No, everything seems to be there. Additionally, my local development branch
was actually based on the commits above as it was rebased on v3.13.9.

Maggie, do you know if it is possible that for any reason your board
would not deliver an IRQ on Tx completion ? That could explain things.
You can easily test reverting commit 4f3a4f701b just in case.
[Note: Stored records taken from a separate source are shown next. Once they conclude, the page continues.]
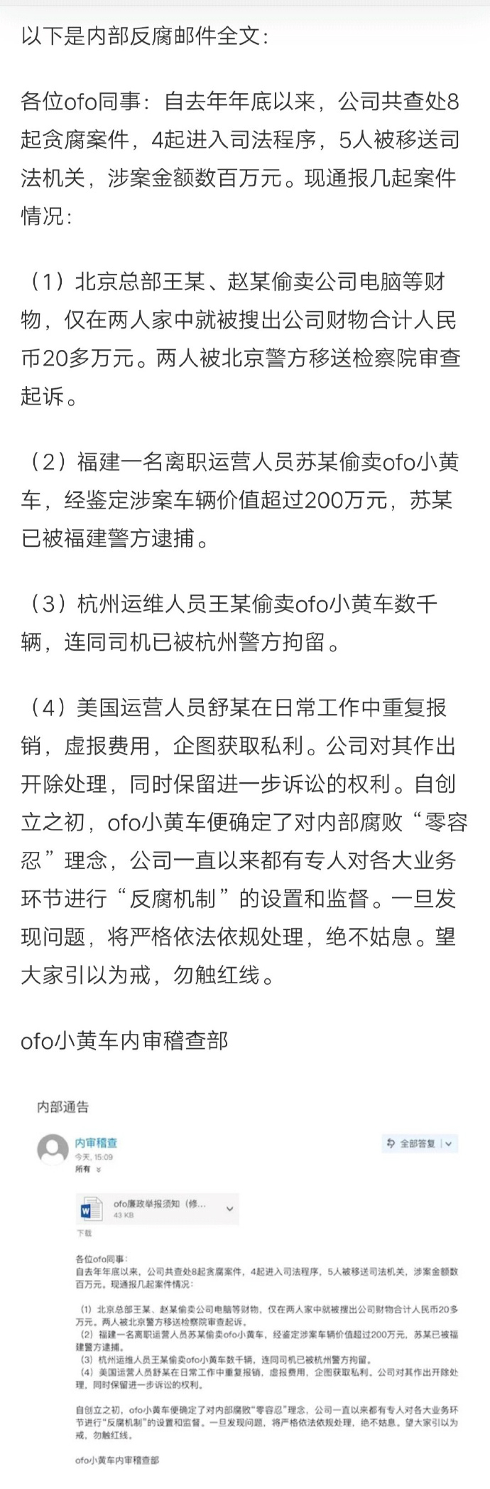 ofo正式发布内部反腐邮件,共查处8起贪腐事件。3月25日,ofo正式发布内部反腐邮件。邮件称,自去年年底以来,公司共查处8起贪腐事件,4起进入司法程序,5人被移送司法机关,涉案金额数百万元。同时,ofo称将对任何腐败行为予以坚决打击,对腐败行为实施零容忍,并鼓励员工举报。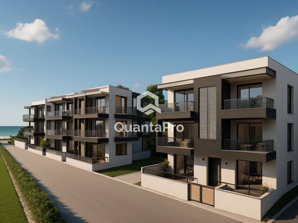 OLYMPUS SEA VIEW is a modern luxury apartment complex located directly on the seafront in Neoi Epivates, Thermaikos, Greece. The project is designed for comfortable year-round living as well as for investment purposes, offering immediate access to the beach and all daily amenities. The complex consists of three residential buildings, each developed over four levels. The total built area of the project is 1,560 square meters, situated on a land plot of 1,100 square meters. In total, the complex includes sixteen apartments, eight of which are two-level maisonettes. Every apartment features a private balcony, while the sea view is either direct or side, depending on the building and floor level. Each building is arranged with two apartments on the first level and two apartments on the second level. The third level consists of two maisonettes, which are extended on the fourth level with attic spaces. Every apartment is allocated one private parking space, which is included in the purchase price. The construction quality meets high technical and safety standards. The buildings are constructed with high-strength C30/37 marine-grade concrete, commonly used in yacht marinas, providing enhanced durability and resistance to moisture. The structure offers increased seismic resistance, along with advanced sound, water, and thermal insulation. Thermal insulation bricks with special additives are used throughout the construction. Aluminum frames are installed for all windows and balcony doors. Each apartment is connected to a natural gas heating system with radiators, and solar panels are installed to improve energy efficiency. The location of the complex is one of its key advantages. The beach is only five meters away, while shops, cafés, and restaurants are located just ten meters from the property. A school can be reached within one kilometer. Thessaloniki International Airport is approximately eleven kilometers away, and the city center of Thessaloniki is twenty kilometers from the complex. The COSMOS shopping center is located fourteen kilometers away, while IKEA and PRAKTIKER are reachable within twelve kilometers. The apartments are offered for sale during the construction phase, with final delivery scheduled for December 31, 2025. Buyers have the option to purchase without commission and benefit from an interest-free installment payment plan over a period of up to one year, until construction completion. Prices range from 3,500 to 5,500 euros per square meter, depending on the building and floor level.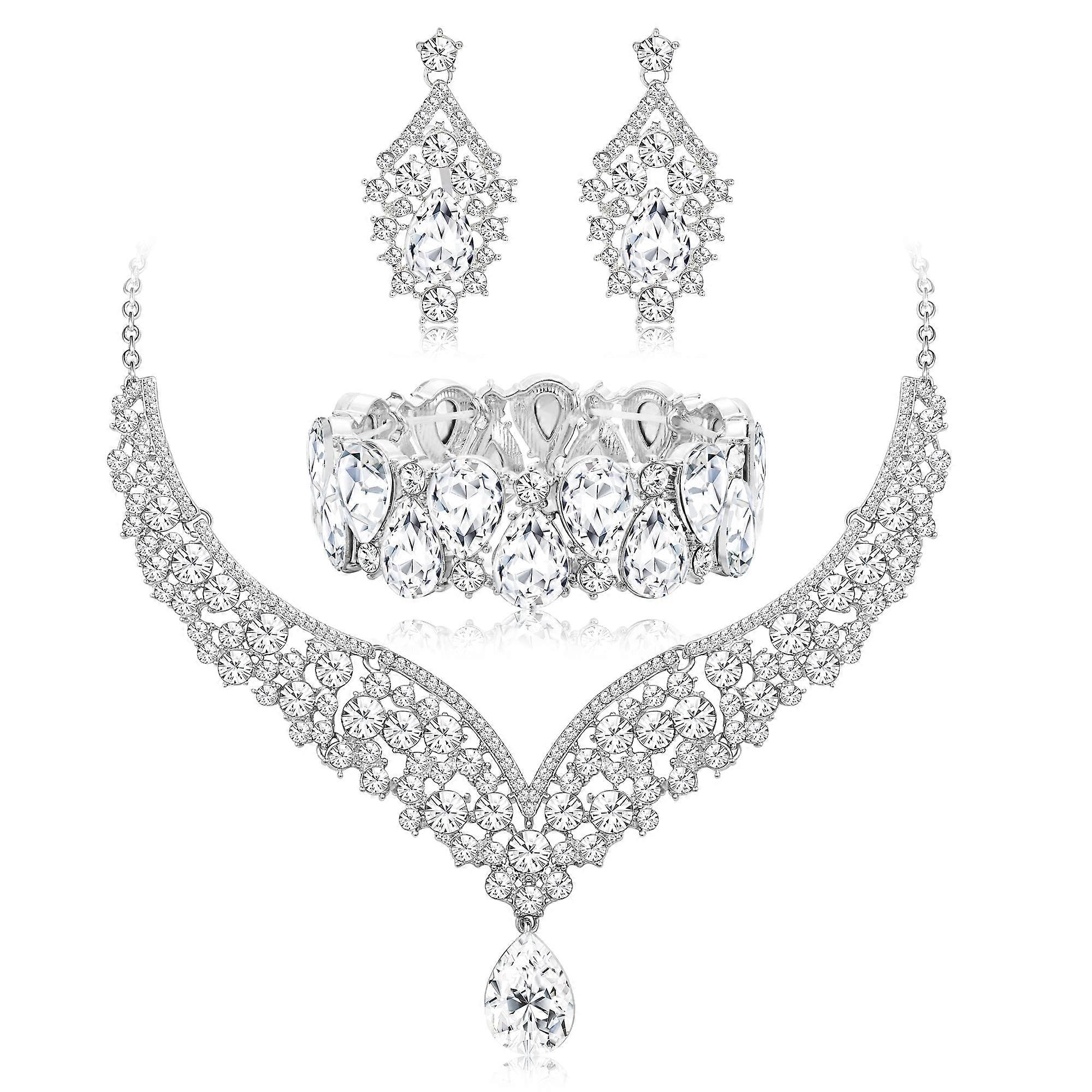 Crystal Wedding Bridal Jewelry Set for Women - Silver Rhinestone Necklace, Earrings, Bracelet, Elegant Ball Style

If that's
the case, then the next step will be to figure out how it is possible
that IRQs are disabled!

Regards,
Willy

^ permalink raw reply	[flat|nested] 27+ messages in thread

* Issue found in Armada 370: "No buffer space available" error during continuous ping
  2014-07-15 12:43         ` Willy Tarreau
@ 2014-07-17  5:37           ` Maggie Mae Roxas
  2014-07-17  8:15             ` Willy Tarreau
  0 siblings, 1 reply; 27+ messages in thread
From: Maggie Mae Roxas @ 2014-07-17  5:37 UTC (permalink / raw)
  To: linux-arm-kernel

Hi Thomas, Willy,
Good day.

First of all, thanks again for looking further into this.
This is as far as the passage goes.